▶ **What the exercise asks**
Wherever a picture appears in the data below, omit it, and restate everything else word for word.

▶ **Data**
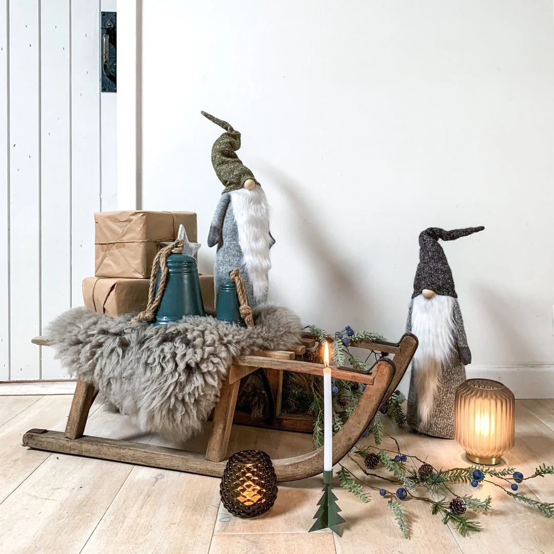 Tall green standingĀ Santa Christmas decoration. Crafted from faux fur, this delightful bearded chap adds a touch of stylish fun to a Christmas scheme. Wearing aĀ green woolly hat and felt gloves, he is ready for Winter.
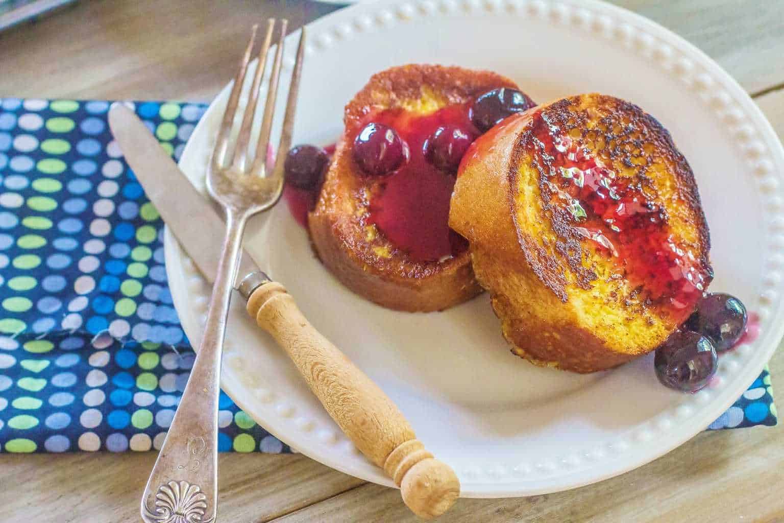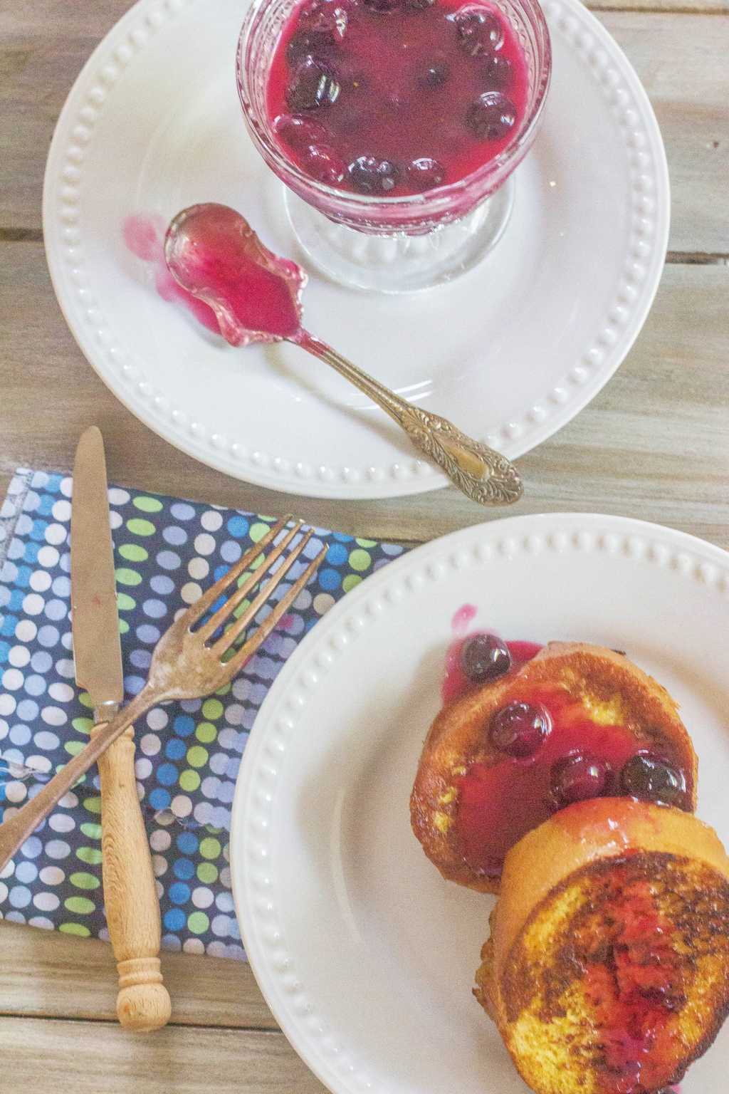 - Slice the bread and the night before cover it with custards and allow it to chill in the refrigerator overnight. In the morning, heat up your griddle and cook French toast and make a quick fresh blueberry orange sauce.
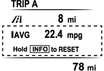 La consommation moyenne de carburant est calculée toutes les minutes à partir de la distance totale parcourue sur le compteur journalier et la consommation totale de carburant, et l'économie moyenne de carburant est affichée soit pour le TRIP A, soit pour le TRIP B.
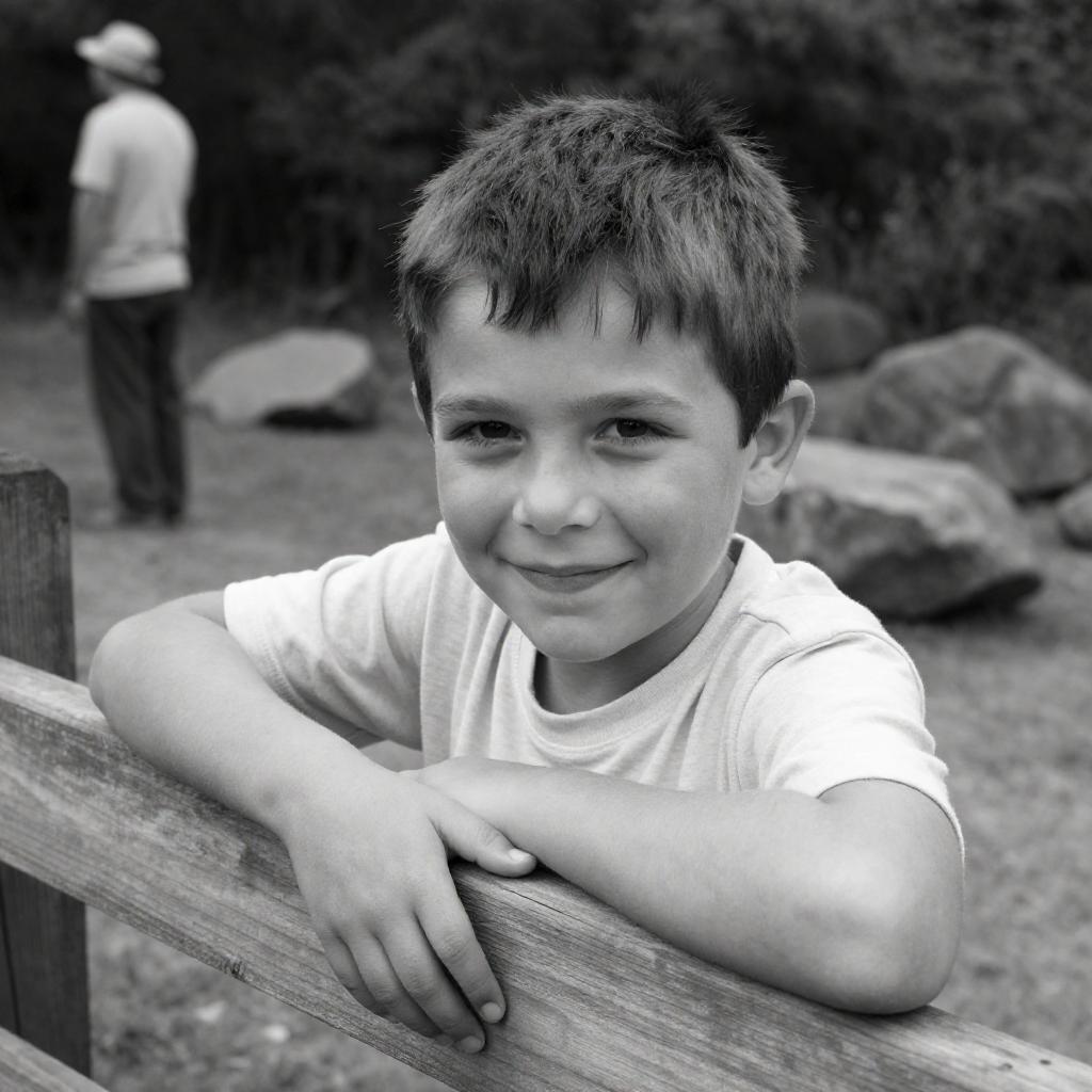 Black and white photo of a young boy with short dark hair, wearing a light-colored shirt, smiling slightly while leaning on a wooden fence. In the blurred background, a man wearing a hat stands near a forested area with scattered large rocks.

▶ **Answer section**
 Tall green standingĀ Santa Christmas decoration. Crafted from faux fur, this delightful bearded chap adds a touch of stylish fun to a Christmas scheme. Wearing aĀ green woolly hat and felt gloves, he is ready for Winter.
 - Slice the bread and the night before cover it with custards and allow it to chill in the refrigerator overnight. In the morning, heat up your griddle and cook French toast and make a quick fresh blueberry orange sauce.
 La consommation moyenne de carburant est calculée toutes les minutes à partir de la distance totale parcourue sur le compteur journalier et la consommation totale de carburant, et l'économie moyenne de carburant est affichée soit pour le TRIP A, soit pour le TRIP B.
 Black and white photo of a young boy with short dark hair, wearing a light-colored shirt, smiling slightly while leaning on a wooden fence. In the blurred background, a man wearing a hat stands near a forested area with scattered large rocks.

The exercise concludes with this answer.